她话还没说完, 沈屹白就抱着礼盒,冷冷警告了她一声。

    舒姚下意识打了个寒颤。

    抬眸, 目光触及闻清茫然的表情, 咬牙继续道:“闻清,你信我,沈屹白这人自私、冷血、孤僻、阴郁,跟你看到的其实…”

    沈屹白突然呵笑了一声。

    他抱着胳膊倚在玄关处, 皮笑肉不笑地说:“舒姚,是不是堂哥三天没揍你,皮又痒了?”

    舒姚被踩中痛脚。

    她恼道:“能不能别总拿我爸唬我!”

    闻清:“?”

    她心中郁结顿消,有些呆滞地问道:“你…爸?”

    舒姚的爸爸怎么会是…沈屹白的堂哥?

    闻清一下没捋清关系。

    双眼没有焦距地看向沈屹白。

    沈屹白察觉到小姑娘的目光。

    他下颚紧绷,却还是尽量松弛地指了指舒姚,用一副平静的语气说:“我二姑大儿子的女儿。”

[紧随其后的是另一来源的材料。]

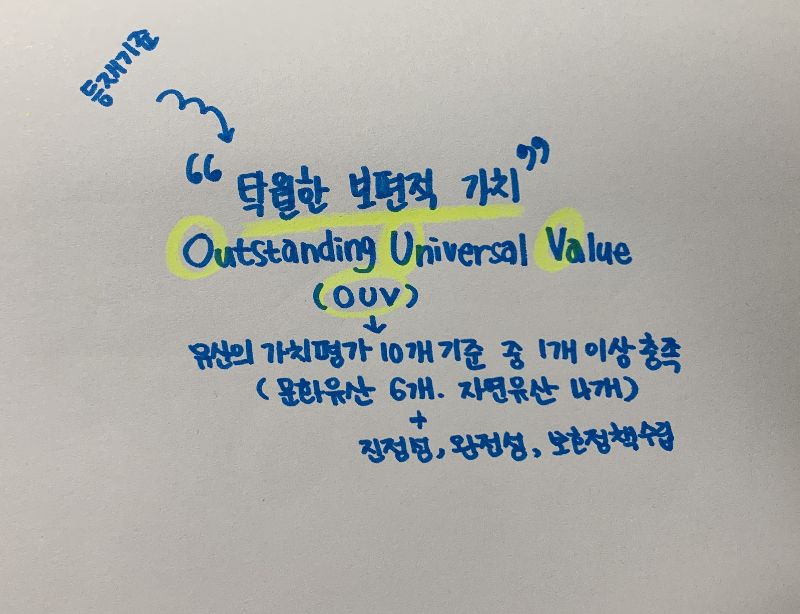 또한 OUV 부분도 “등재기준충족+완전성(문화유산은 진정성도)+보존관리” 세 가지가 모두 충족/수립되어야 만 합니다.

    见小姑娘还是一脸茫然,言简意赅道:“我侄女。”

    “侄女”这两个字深深戳痛了舒姚的心。

    她跳脚道:“不是说好学校里面不提咱俩关系的么!”

    -

    闻清费了好长的时间,才消化了舒姚是沈屹白侄女的事。

    她看着淡定喝水的沈屹白,又瞧了瞧面色不忿的舒姚,企图从他们两个的眉眼间找出相似点。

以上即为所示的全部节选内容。